WORK REQUIRED: Write out word for word the lines from the one holding "GOLT.ai - one" through the end of the data, and only those lines. Pictures stay out.

Stored items from a collection
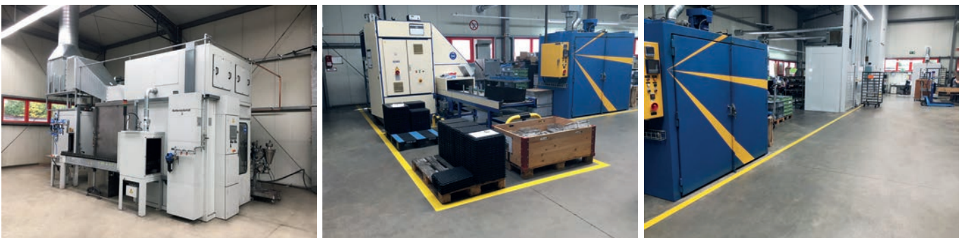
Installations for the coating of round symmetrical components.
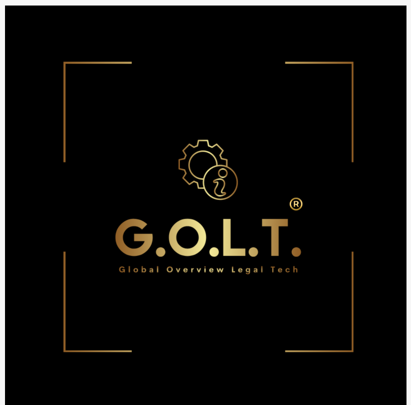
GOLT.ai - one of the world`s largest legal technology directories
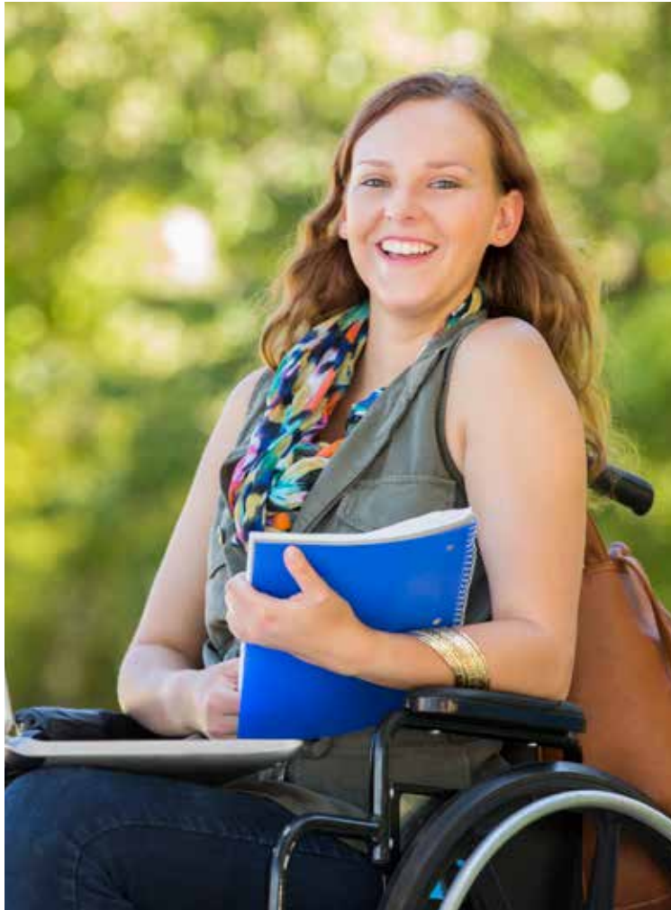
Person in a wheelchair holding a book.
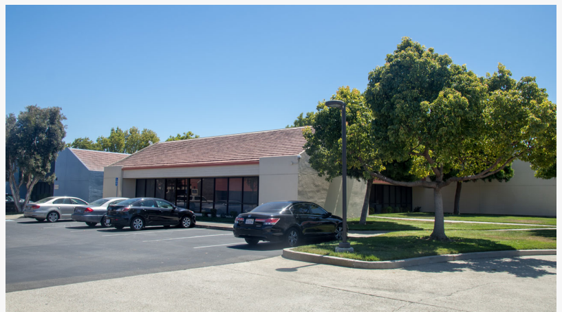
Patent PC Office
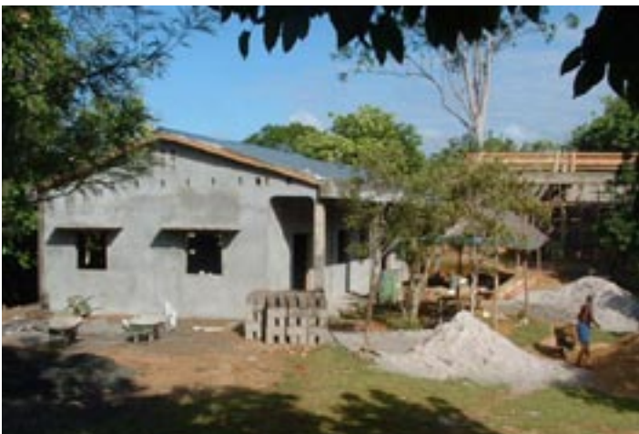
The training centre – ahead of schedule.
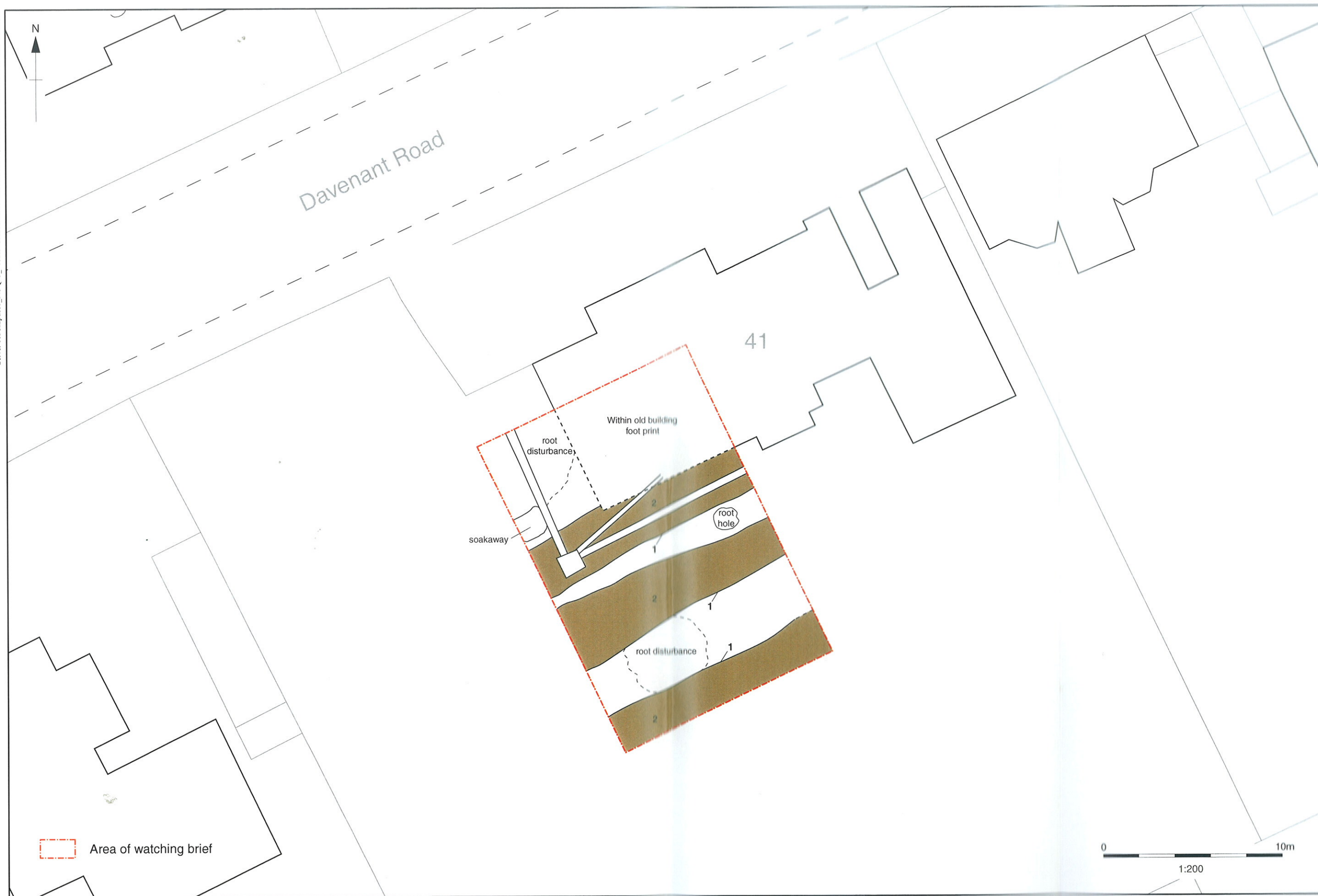
Figure 2 Location of Watching Brief.

Server 10:/oupubs/1 to Q/O_ codes*OXDAVRWB* Rutland House, 41 Davenant Road, Oxford*AMD*16.07.02.
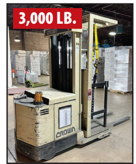
CROWN SP ELECTRIC ORDER PICKER FORKLIFT

RESPONSE TO THIS EXERCISE:
GOLT.ai - one of the world`s largest legal technology directories
Person in a wheelchair holding a book.
Patent PC Office
The training centre – ahead of schedule.
Figure 2 Location of Watching Brief.

Server 10:/oupubs/1 to Q/O_ codes*OXDAVRWB* Rutland House, 41 Davenant Road, Oxford*AMD*16.07.02.
CROWN SP ELECTRIC ORDER PICKER FORKLIFT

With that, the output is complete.